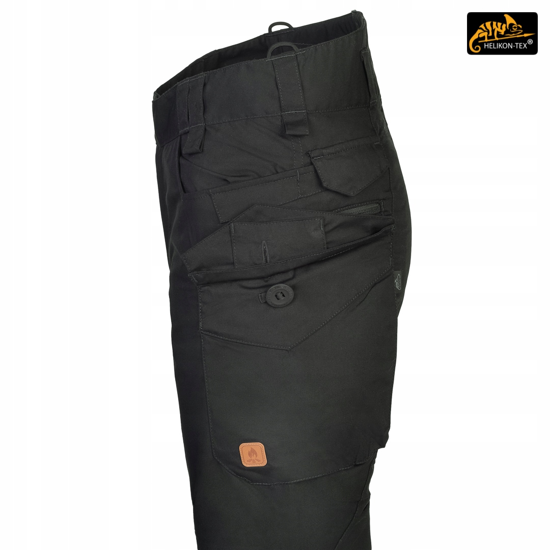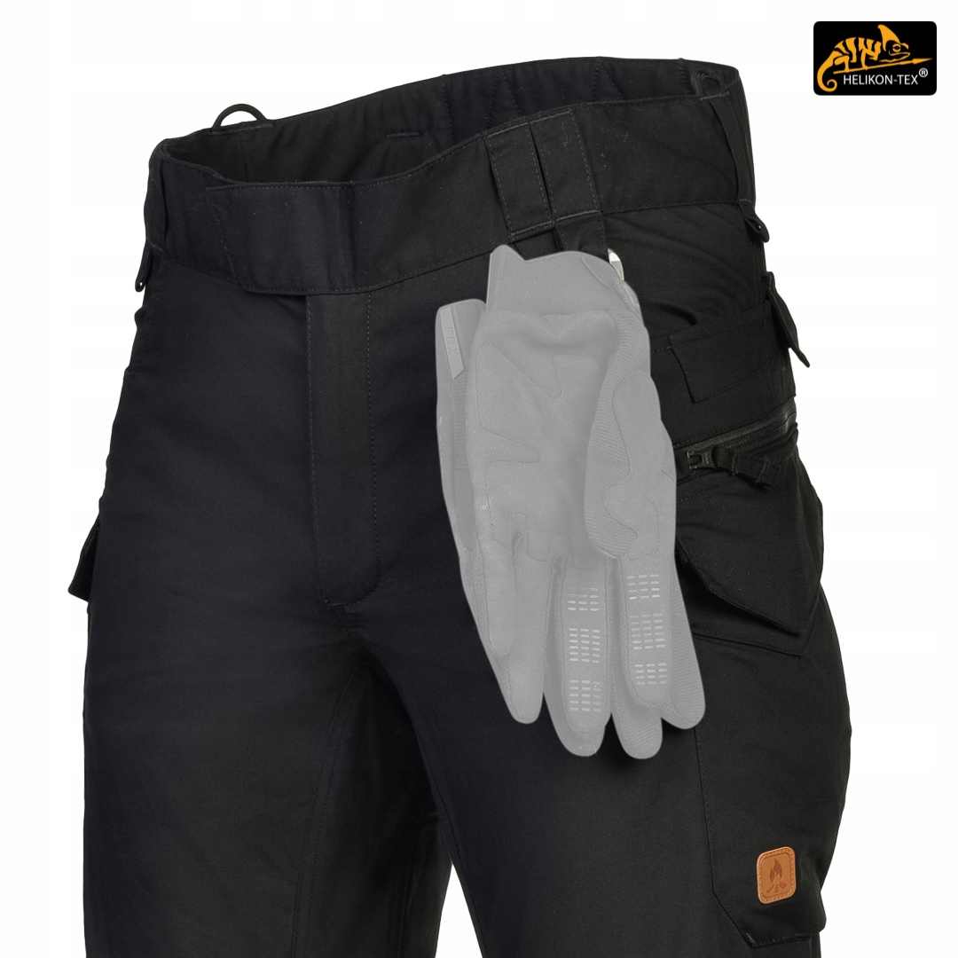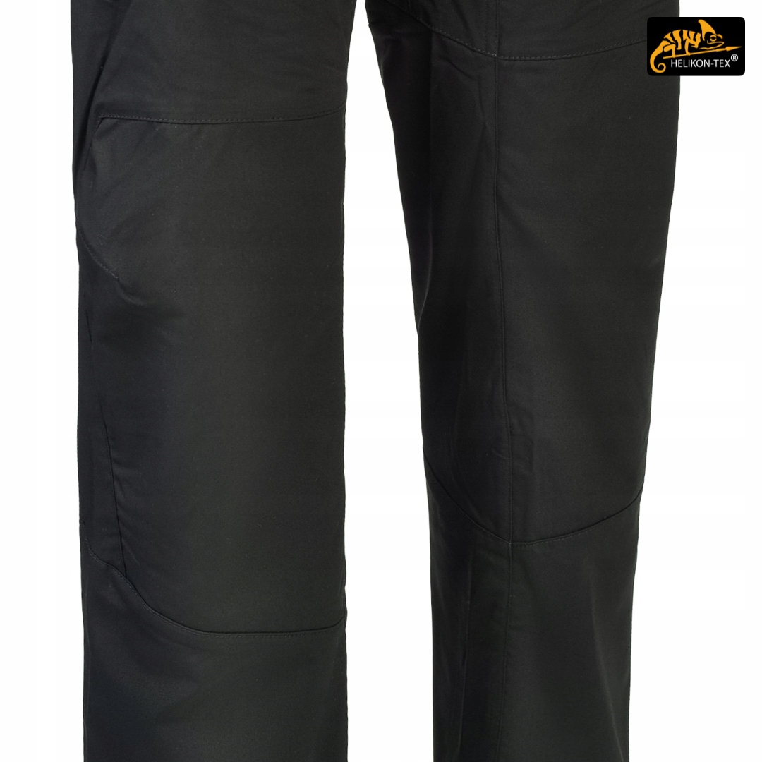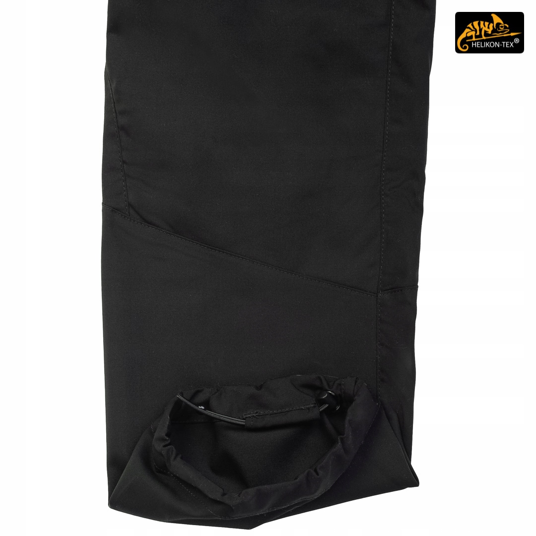 Универсальный крой гарантирует практичность, комфорт и хороший внешний вид. Прямые штанины и плоские карманы не ассоциируются с типичными армейскими брюками, что делает брюки идеальными для повседневного ношения. Длинная молния YKK, прикрытая клапаном. Застегивается на талии с помощью липучки, что позволяет регулировать окружность в соответствии с анатомией пользователя или при ношении изолирующего нижнего белья под брюками. Пояс и шлевки для ремня изготовлены из двойного слоя материала для прочности. Брюки имеют удлинитель сзади, защищающий поясницу и область почек при наклонах или сидении. Удлиненная часть спинки имеет мягкий наполнитель из дышащей спейсерной сетки MESH 3D, что позволяет сохранять тепловой комфорт и удобство использования вместе с жесткими лямками. Плотно расположенные шлевки для ремня шириной 50 мм. Под боковыми и передними петлями для ремня имеются петли для крепления подручных предметов с помощью веревки или карабинов (например, гримлока). Вшитая в промежность ластовица гарантирует свободу движений при высоком подъеме ног. Петли из паракорда, вшитые по бокам, используются для крепления подтяжек (Helikon Forester Suspenders). Внизу штанин имеются манжеты, которые позволяют плотно прижать ногу к обуви. Манжеты из эластичной резины Shock Cord, снабжены стопором для быстрой регулировки и специальным туннелем, защищающим свободный конец манжеты от выпирания из ноги.
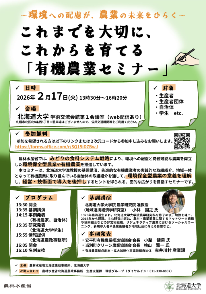 2月17日(火)13時30分より農林水産省北海道農政事務所主催「これまでを大切に、これからを育てる「有機農業セミナー」」が開催されます。北海道大学准教授小林国之先生が講演される他、北海道大学の学生発表もございますので、ご興味がございましたら是非ご参加ください。下記より開催概要となります。
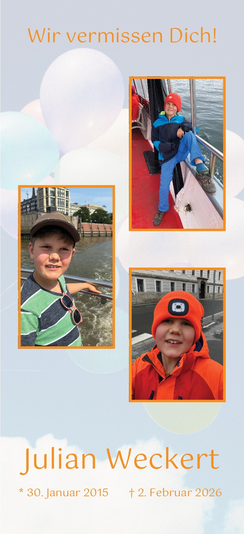Wir laden euch ein, statt Blumen einen Luftballon als Zeichen der Liebe mitzubringen, den wir gemeinsam zu Julian in den Himmel steigen lassen.
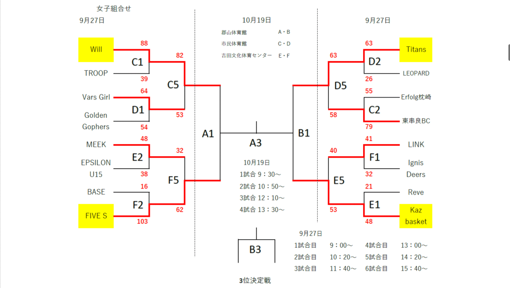 第2シードはKAZ BASKET 第3シードTiTANS 第4シードFIVE Sとなりました。
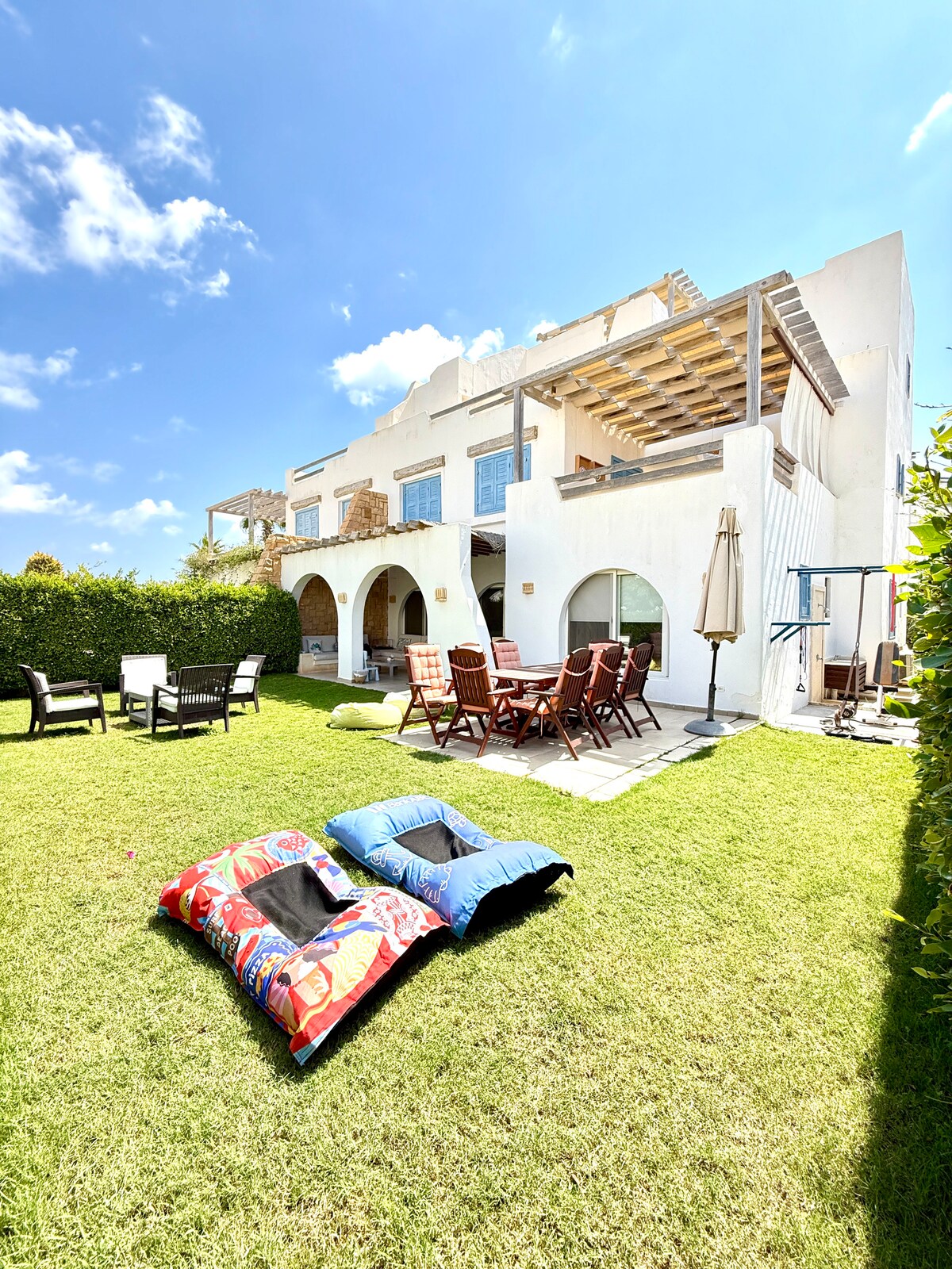 Diviértete con tu familia y amigos en esta increíble y elegante propiedad frente al mar. Este es un chalet de 3 dormitorios que ha sido configurado de manera que te ofrezca una experiencia INCREÍBLE y ÚNICA. Disfruta de la zona de asientos hundidos desde la comodidad de tu jardín privado a solo unos pasos de las hermosas aguas cristalinas del mar Mediterráneo. ¡Es🌊 ✨ hora de crear recuerdos especiales! 🏖️ 🇪🇬
^^^^
Exercise. Once the pictures are set aside, copy the remaining text of every entry exactly.

Exercise solution.
 Универсальный крой гарантирует практичность, комфорт и хороший внешний вид. Прямые штанины и плоские карманы не ассоциируются с типичными армейскими брюками, что делает брюки идеальными для повседневного ношения. Длинная молния YKK, прикрытая клапаном. Застегивается на талии с помощью липучки, что позволяет регулировать окружность в соответствии с анатомией пользователя или при ношении изолирующего нижнего белья под брюками. Пояс и шлевки для ремня изготовлены из двойного слоя материала для прочности. Брюки имеют удлинитель сзади, защищающий поясницу и область почек при наклонах или сидении. Удлиненная часть спинки имеет мягкий наполнитель из дышащей спейсерной сетки MESH 3D, что позволяет сохранять тепловой комфорт и удобство использования вместе с жесткими лямками. Плотно расположенные шлевки для ремня шириной 50 мм. Под боковыми и передними петлями для ремня имеются петли для крепления подручных предметов с помощью веревки или карабинов (например, гримлока). Вшитая в промежность ластовица гарантирует свободу движений при высоком подъеме ног. Петли из паракорда, вшитые по бокам, используются для крепления подтяжек (Helikon Forester Suspenders). Внизу штанин имеются манжеты, которые позволяют плотно прижать ногу к обуви. Манжеты из эластичной резины Shock Cord, снабжены стопором для быстрой регулировки и специальным туннелем, защищающим свободный конец манжеты от выпирания из ноги.
 2月17日(火)13時30分より農林水産省北海道農政事務所主催「これまでを大切に、これからを育てる「有機農業セミナー」」が開催されます。北海道大学准教授小林国之先生が講演される他、北海道大学の学生発表もございますので、ご興味がございましたら是非ご参加ください。下記より開催概要となります。
Wir laden euch ein, statt Blumen einen Luftballon als Zeichen der Liebe mitzubringen, den wir gemeinsam zu Julian in den Himmel steigen lassen.
 第2シードはKAZ BASKET 第3シードTiTANS 第4シードFIVE Sとなりました。
 Diviértete con tu familia y amigos en esta increíble y elegante propiedad frente al mar. Este es un chalet de 3 dormitorios que ha sido configurado de manera que te ofrezca una experiencia INCREÍBLE y ÚNICA. Disfruta de la zona de asientos hundidos desde la comodidad de tu jardín privado a solo unos pasos de las hermosas aguas cristalinas del mar Mediterráneo. ¡Es🌊 ✨ hora de crear recuerdos especiales! 🏖️ 🇪🇬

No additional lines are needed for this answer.